Ever since 1965, one of the problems with the capital gains tax rules relating to trusts is that they ride roughshod over all the beneficial interests, so that, for example, the first beneficiary to achieve absolute entitlement could take the benefit of all losses brought forward on the notional disposal at that stage or, as another example, the losses in one fund of a trust would be used against gains in a different fund. The received wisdom is that as these are the statutory rules, it is not really permissible to make compensating transfers between funds, although personally I have always felt that there are enough equitable principles in trust situations to justify compensating transfers. Also it was often easy to get the beneficiary providing the compensation to agree, as he would be the one who had just become of age.

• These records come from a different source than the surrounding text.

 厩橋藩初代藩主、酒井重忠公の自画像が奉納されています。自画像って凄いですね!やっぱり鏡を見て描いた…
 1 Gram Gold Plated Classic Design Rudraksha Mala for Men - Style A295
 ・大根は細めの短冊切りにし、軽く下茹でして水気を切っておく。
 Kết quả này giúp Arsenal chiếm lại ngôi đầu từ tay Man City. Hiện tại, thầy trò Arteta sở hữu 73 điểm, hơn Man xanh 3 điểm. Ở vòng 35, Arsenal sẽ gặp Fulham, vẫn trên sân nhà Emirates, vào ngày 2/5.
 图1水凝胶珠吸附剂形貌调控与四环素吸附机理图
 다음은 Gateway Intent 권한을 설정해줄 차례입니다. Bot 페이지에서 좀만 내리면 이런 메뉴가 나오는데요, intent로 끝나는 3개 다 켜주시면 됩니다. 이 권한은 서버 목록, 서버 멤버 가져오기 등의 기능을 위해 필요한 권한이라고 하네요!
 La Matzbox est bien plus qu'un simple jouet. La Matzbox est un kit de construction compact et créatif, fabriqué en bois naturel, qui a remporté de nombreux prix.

New provisions are to be introduced which will enable sub-funds to be recognised for income tax and capital gains tax purposes. Unfortunately the new rules are rather complex and of limited usefulness and in some respects it is hard to see what the policy behind them is driving at. Some of the complications arise from the fact that sub-fund elections can be backdated, although not to take effect before 6 April 2006, but disregarding this facility, the conditions to be satisfied are as follows:

1. The principal settlement itself must not be a sub-fund settlement.
2. The sub-fund must not be the whole of the property comprised in the principal settlement.

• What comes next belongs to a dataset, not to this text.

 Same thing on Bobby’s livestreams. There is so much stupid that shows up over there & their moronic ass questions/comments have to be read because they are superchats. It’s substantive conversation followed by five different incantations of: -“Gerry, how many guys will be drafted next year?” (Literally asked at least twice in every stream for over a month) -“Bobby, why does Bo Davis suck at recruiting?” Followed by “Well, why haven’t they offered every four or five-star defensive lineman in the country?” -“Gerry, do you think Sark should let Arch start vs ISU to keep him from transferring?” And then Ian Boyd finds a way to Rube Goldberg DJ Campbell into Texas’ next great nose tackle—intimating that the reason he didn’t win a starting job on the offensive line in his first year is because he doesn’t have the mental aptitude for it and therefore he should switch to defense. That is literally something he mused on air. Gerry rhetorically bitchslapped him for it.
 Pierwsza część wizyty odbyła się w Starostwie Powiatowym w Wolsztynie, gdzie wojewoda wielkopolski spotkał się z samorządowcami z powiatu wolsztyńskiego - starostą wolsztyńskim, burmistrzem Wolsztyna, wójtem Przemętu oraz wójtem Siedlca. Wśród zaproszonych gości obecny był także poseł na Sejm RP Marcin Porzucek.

3. The sub-fund must not include property jointly owned with the principal settlement (but disregarding the capital gains tax rule treating shareholdings in the same company as a single asset). So fractional shares in a property cannot be held in different sub funds.
4. Any beneficiary under the sub-fund must not be a beneficiary under the principal settlement, except in certain permitted situations, such as entitlement on the death of another beneficiary.

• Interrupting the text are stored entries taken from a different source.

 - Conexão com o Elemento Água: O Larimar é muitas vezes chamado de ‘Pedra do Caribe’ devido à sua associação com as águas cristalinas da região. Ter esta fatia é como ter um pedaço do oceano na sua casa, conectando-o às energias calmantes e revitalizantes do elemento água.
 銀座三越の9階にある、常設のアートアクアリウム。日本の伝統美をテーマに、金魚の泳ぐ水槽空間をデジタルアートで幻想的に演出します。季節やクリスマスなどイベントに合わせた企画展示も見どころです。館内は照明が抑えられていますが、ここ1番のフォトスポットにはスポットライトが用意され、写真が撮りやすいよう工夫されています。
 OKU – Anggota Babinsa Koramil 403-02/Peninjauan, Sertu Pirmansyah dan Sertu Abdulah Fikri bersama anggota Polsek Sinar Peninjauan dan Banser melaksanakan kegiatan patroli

It will be possible to make several sub-fund elections.The requirement for segregation of beneficial interests, so that the same person cannot be a beneficiary under two different sub-funds, may cause problems, but perhaps not as many as may be feared. For example, if there are two life tenants with the funds going to the same beneficiary after their joint lives, it would seem that two sub-funds can still be set up because the remainderman will become entitled to the funds from each sub-fund on the death of a beneficiary, which is one of the let-outs. There must not, however, be any general discretionary power of appointment, although the Trustee Act 1925, s 32 power is permissible.
By far the worst aspect about the sub-fund provisions is that a CGT disposal will arise on setting up the sub-funds; representations against this have not been successful. HMRC consider that there will still be advantages in setting up the sub-funds which will justify any capital gains tax charge but, in the real world, I cannot see that trustees will willingly subject themselves to immediate tax liability which could otherwise be avoided. There is no specific hold-over provision, so only the existing hold-over rules will apply; in this circumstance it is likely to be that for business assets, if at all. Apart from that, the statutory help with streaming losses to the right beneficiaries comes at a price.
All in all, the sub-fund provisions are most likely to be used when new settlements are made so that no capital gains tax cost will then arise.

Generally

The new proposed trust legislation brings in many disadvantages, stops several existing schemes, and offers relatively insignificant advantages to trustees. Once again, the propaganda says that it is tidying up and reforming, but in reality the primary motive must surely be to make further inroads into relatively benign tax planning. I do not think that the rhetoric about stopping artificial tax avoidance is squaring up with what is actually coming out of Somerset House. Perhaps the most suitable warning to go on the front page of the legislation should have been 'Warning: may cause apoplexy'!